4 de nov. de 2008

Herança

Naquela noite, a escada não rangeu em sinal de respeito. Estavam todos ali, a ala do contra de pé e os puxa-sacos sentados. As crianças ficaram atrás da porta, esperando para ouvir cada detalhe.
O advogado foi o último a chegar. Entrou solene, cumprimentou a família com um aceno de cabeça e fez o sinal da cruz quando passou pelo porta-retrato da falecida. Depois sentou na cabeceira da mesa e tirou um papel da sua maleta de couro.

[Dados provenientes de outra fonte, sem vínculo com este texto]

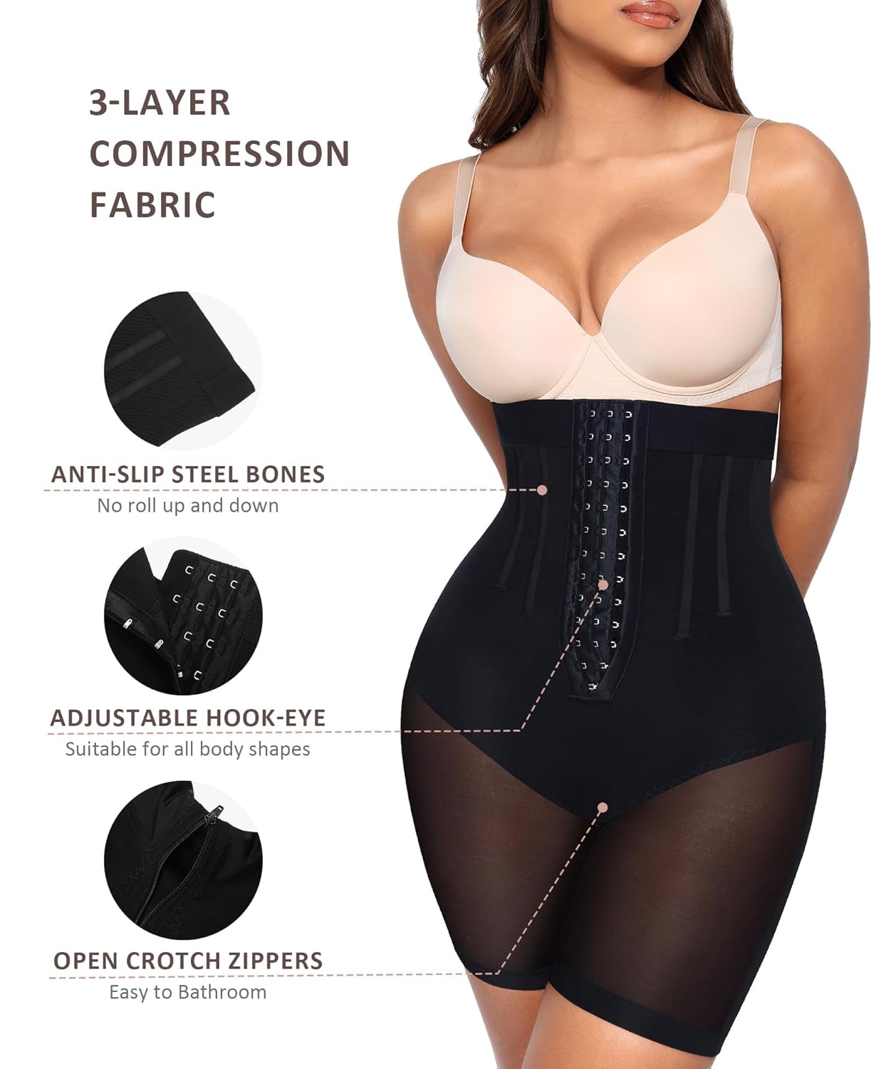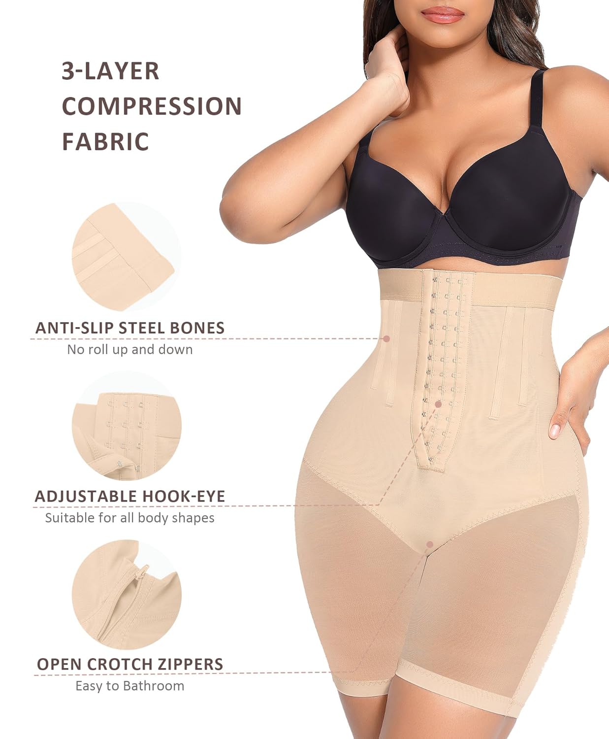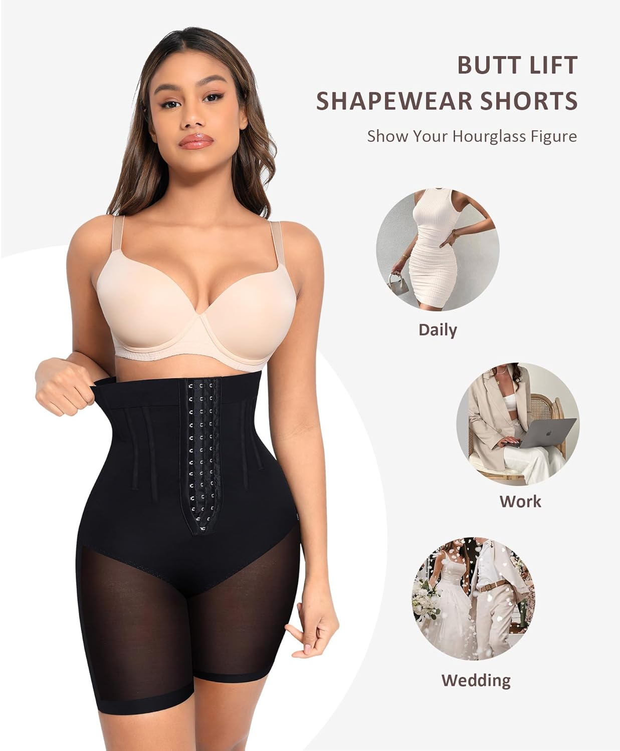 - 3 HOOK ROWS FOR LARGER ADJUST – Our shapewear shorts have 3 rows of hook closures so you can adjust the shorts to the compression you want and fit your body well, and the inside edge of the waist trainer features 4 plastic bones to ensure they stay in place without rolling.

-Vou pular aquele bla-bla-blá inicial, se vocês permitem. E já aviso que não tem reclamação. A velha registrou tudo direitinho, mudou o texto cinco vezes. O que ela decidiu está decidido. Quem é a Geórgia?
-Sou eu!
-Ih, menina. Ela deixou as células adiposas para você.
-Cadela!
-Não seja mal-agradecida. Essas células adiposas estão há gerações na família.
A outra saiu chorando, melhor seria se tivesse saído correndo. Foi para o banheiro vomitar o que tinha no estômago.
-Cadê o Arnaldo?
-Eu.
-Nada pessoal, mas se fosse eu marcava urgente um eletro de esforço. A falecida deixou para você as artérias entupidas.

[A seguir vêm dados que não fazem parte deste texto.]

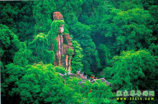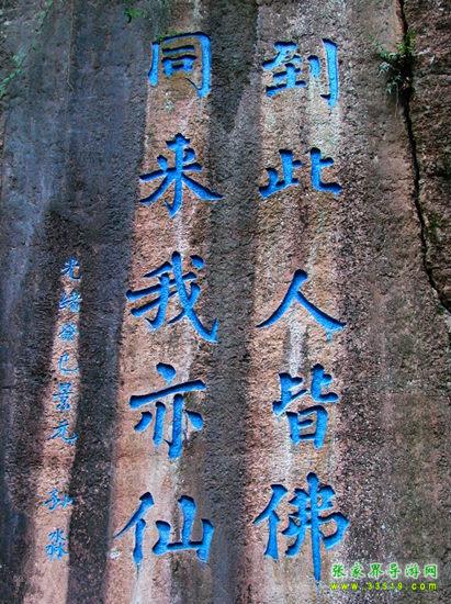 不二門內由石灰?guī)r風化形成的一尊巨大石佛,聳立于萬綠叢中,高六丈,青冠白面,頭頂白云,腳踏碧水,人們以其形神稱為“觀音巖”?!队理樋h志》稱“觀音巖素有‘湘景名峰第一巖’之稱”。觀音巖下,聳立著一組瑰麗多姿、古色古香的殿閣建筑群,這就是“嵩山堂”,包括三觀殿、玉皇閣和禪房客舍,工藝精巧,玲瓏別致。特別是正殿后的地藏庵,與老司城明代建筑祖師殿結構相似,背倚石壁,右通八陣圖,左達熱水坑,周圍怪石森列,古木參天。觀音巖北部山上是天造地設的“八陣圖”,有的如排戟,有的似春筍;有的像古佛,有的若走獸。八陣圖之奇,不僅在于它林立的怪石,最主要的是在于由龜裂紋石板鋪成的時上時下時隱時現(xiàn)的彎彎小徑——或穿過地下幽深的石洞,或延展于密林雜草叢中,或環(huán)繞于奇峰怪石之間,使八陣圖的東、南、西、北四門相通,復雜繁多的石徑互相連接形成網絡,人們有時難以找到出路。也許,這就是八陣圖命名的緣由。不二門內兩側石壁開闊如屏,歷代文人墨客或贊山水之幽絕,或抒心胸之豪情,雕鑿了種種摩崖石刻。據《永順縣志》記載,不二門石刻有神秀獨鐘、吾道南來、白云門開、砥柱中流、眼前南海、百寶勝光、別開生面、別有天地等100多處。歷經風雨滄桑之后,現(xiàn)僅存鬼斧神工、勝境無雙、滌盡塵氛、瞻奇仰異、海上飛來等數十處。清代名士白介庵所作《松徑留云》、《古洞仙蹤》、《層閣聳翠》、《玉嶂屏環(huán)》、《澄潭月影》等觀音巖八景詩尚凸現(xiàn)在石壁之上。其中《石門天鑿》一詩完整無缺:“法門高聳五云偎,鬼斧神工妙化裁。鞭石無痕還著相,振山有鐸不須錘。地沾花雨千歧坦,道接薪傳一線開。莫道終南稱捷徑,巨靈神辟小蓬萊。”清代庚辰年間的探花景元,曾在石壁上題刻“到此人皆佛,同來我亦仙”。他還以一筆揮成的“山青海岸”疊字如圖似的符合成一個“岸”字鑿刻在摩崖之上,堪稱罕世之作。石壁上近年來還鐫刻了偉人毛澤東的詩詞和儒將蕭克、畫家黃永玉等巨擘的題字,游人置身其間,飽享山水美景、名勝古跡與文化藝術的熏陶。

Uma risadinha abafada veio do fundo da sala. O advogado se virou e encarou o cabeludo.
-Você deve ser o Leonardo.
-Eu mesmo.
-Aproveite essa peruca farta. Você herdou a calvície.
-Não pode!
-Está no seu DNA. Perda prematura dos folículos capilares. Eu já vejo as entradas dizimando esse cabelão.
E assim, contra a vontade de todos, o testamento distribuiu a herança genética igualmente. A artrose, a miopia, o gênio difícil, o dedão do pé virado para fora, o nariz-batata, a mordida cruzada, a enxaqueca crônica, o sopro no coração, a estatura abaixo da média.
-E os olhos azuis, ficaram pra quem?
-A pele boa?
-Os dentes fortes?
-A pernas sem varizes?
O advogado se retirou do recinto. Ainda estava para nascer quem ia herdar ouro puro.